Department of Oral Pathology and Oral Radiology, Institute of Dentistry, Faculty of Medicine, University of Turku, Lemminkäisenkatu 2, FIN-20520, Turku, Finland.
Department of Pathology, Turku University Hospital, Turku, Finland.
Virol J. 2020 Jun 30;17(1):87. doi: 10.1186/s12985-020-01367-1.
This study was designed to investigate the invasion of human papillomavirus (HPV) positive human cervical carcinoma cell lines in human leiomyoma-based extracellular matrices in vitro, and to test the suitability of the model for studying the irradiation effects on the cancer cell invasion.
HPV positive cervical carcinoma cell lines SiHa and CaSki, and HPV negative squamous cell carcinoma cell line HSC-3 were used. CaSki cells contain around 600 copies of HPV 16 virus in the genome, whereas SiHa have only 1-2 copies per cell. Cells were analyzed using two different human tumor derived extracellular matrix methods (3D myoma disc model, and Myogel Transwell invasion assay). Cultures were irradiated with 4 Gy. Myoma invasion area and the depth of invasion were measured with ImageJ 1.51j8 software. Statistical analyses were performed with SPSS Statistics (IBM SPSS® Statistics 25).
All cells invaded through Myogel coated Transwell membranes and within myoma discs. In myoma discs, a difference in the invasion depth (p = 0.0001) but not in invasion area (p = 0.310) between the HPV positive cell lines was seen, since SiHa (less HPV) invaded slightly better than CaSki (more HPV). HSC-3 cells (HPV negative) invaded deepest (p = 0.048) than either of the HPV positive cell line cells. No difference was detected in the invasion area (p = 0.892) between HPV positive and HPV negative cells. The ionized radiation significantly reduced the invasion depth of HSC-3 (p = 0.008), SiHa (p = 0.0001) and CaSki (p = 0.005). No significant effect on the invasion area was detected in any of the cell lines. However, a significant difference was observed between SiHa and CaSki in the reduction of the invasion depth after radiation (p = 0.013) as the reduction was greater with SiHa than CaSki.

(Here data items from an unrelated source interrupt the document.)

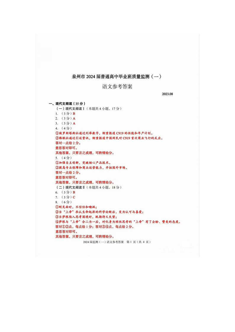 2024届福建省泉州市高中毕业班质量检测(一)语文答案
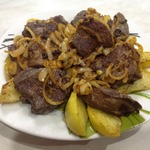 Печень (у меня была говяжья) нарезаем порционными кусочками, отбиваем через пленку, обволакиваем в муку, жарим на растительном масле, когда одна сторона подрумянится, солим, перчим, и тогда переворачиваем (так печень будет еще нежнее, чем если солить сразу). Снимаем на бумажное полотенце, чтобы ушло лишнее масло.
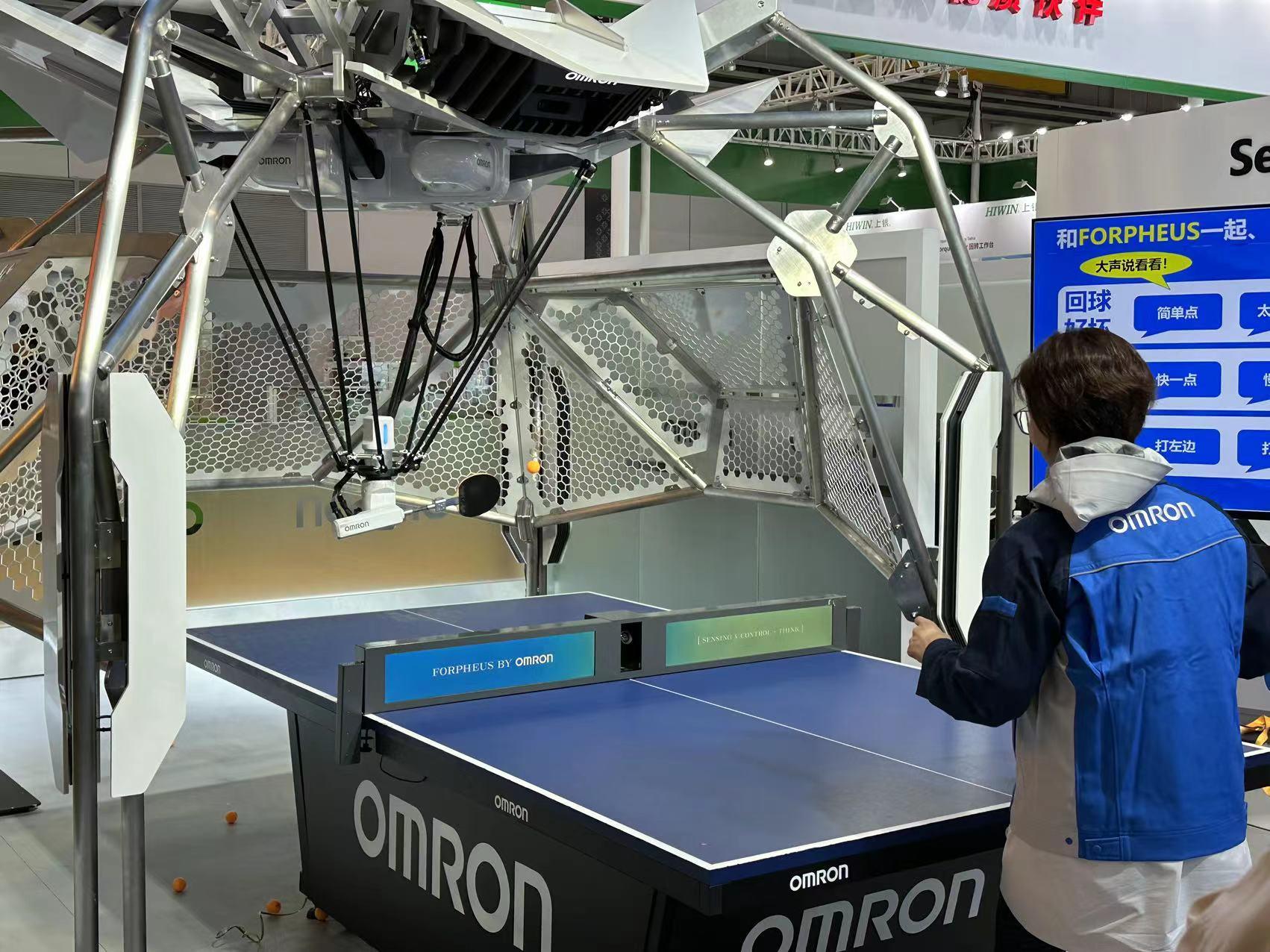 來自歐姆龍展臺的明星展品FORPHEUS乒乓球教練機器人雖是“老面孔”卻有了“新面貌”!據悉,這是歐姆龍第八代乒乓球教練機器人,藉助雙向語音溝通,能與人類溝通訓練想法,智能規劃對打方案,像專業乒乓球運動員一樣,進行高水平的發揮。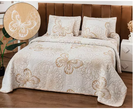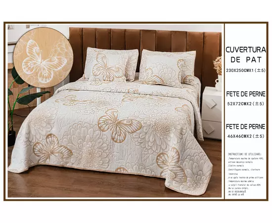 Cuvertura de pat matlasata, confectionata din bumbac tip tesatura finet.Imprimeul acestui set (cuvertura pat plus fete de perna) este realizat cu cele mai noi tehnologii - garantat nu se decoloreaza daca se respecta instructiunile de intretinere.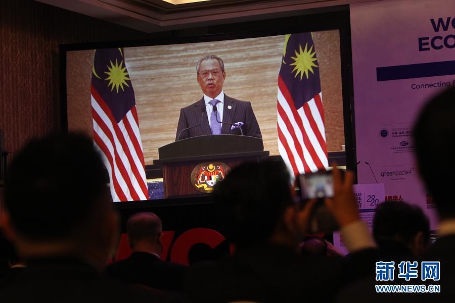 12月21日,在馬來西亞吉隆坡舉行的世界華人經(jīng)濟峰會上,大屏幕播放馬來西亞總理穆希丁的視頻講話。新華社發(fā)

Both solid and gelatinous human leiomyoma-based extracellular matrix models were suitable platforms to study the invasion of HPV positive cervical carcinoma cells in vitro. SiHa cells with less HPV copy number cells invaded slightly better and were slightly more sensitive to irradiation than CaSki cells with high HPV copy number. However, there was no drastic differences between the invasion properties of these carcinoma cells.
本研究旨在体外研究人乳头瘤病毒(HPV)阳性人宫颈癌细胞系在人子宫肌瘤细胞外基质中的侵袭,并检验该模型用于研究辐射对癌细胞侵袭影响的适用性。
本研究使用了 HPV 阳性宫颈癌细胞系 SiHa 和 CaSki,以及 HPV 阴性鳞状细胞癌细胞系 HSC-3。CaSki 细胞的基因组中约有 600 个 HPV 16 病毒拷贝,而 SiHa 细胞每个细胞只有 1-2 个拷贝。采用两种不同的人肿瘤衍生细胞外基质方法(3D 肌瘤盘模型和 Myogel Transwell 侵袭测定)对细胞进行分析。细胞用 4Gy 进行照射。使用 ImageJ 1.51j8 软件测量 Myogel 包被的 Transwell 膜和肌瘤盘中的肿瘤侵袭面积和侵袭深度。采用 SPSS Statistics(IBM SPSS® Statistics 25)进行统计学分析。
所有细胞均穿过 Myogel 包被的 Transwell 膜并侵袭至肌瘤盘中。在肌瘤盘中,HPV 阳性细胞系之间的侵袭深度有差异(p=0.0001),但侵袭面积无差异(p=0.310),因为 SiHa(HPV 拷贝较少)的侵袭略优于 CaSki(HPV 拷贝较多)。HSC-3 细胞(HPV 阴性)的侵袭深度最深(p=0.048),明显大于任何 HPV 阳性细胞系细胞。HPV 阳性和 HPV 阴性细胞之间的侵袭面积无差异(p=0.892)。电离辐射显著降低了 HSC-3(p=0.008)、SiHa(p=0.0001)和 CaSki(p=0.005)的侵袭深度。然而,任何细胞系的侵袭面积均未检测到显著影响。但是,在辐射后 SiHa 和 CaSki 侵袭深度的降低之间观察到显著差异(p=0.013),因为 SiHa 的降低程度大于 CaSki。
固体和胶状人子宫肌瘤衍生细胞外基质模型均适合用于体外研究 HPV 阳性宫颈癌细胞的侵袭。HPV 拷贝数较少的 SiHa 细胞侵袭略好,对辐射的敏感性略高于 HPV 拷贝数较高的 CaSki 细胞。然而,这些癌细胞的侵袭特性之间没有明显差异。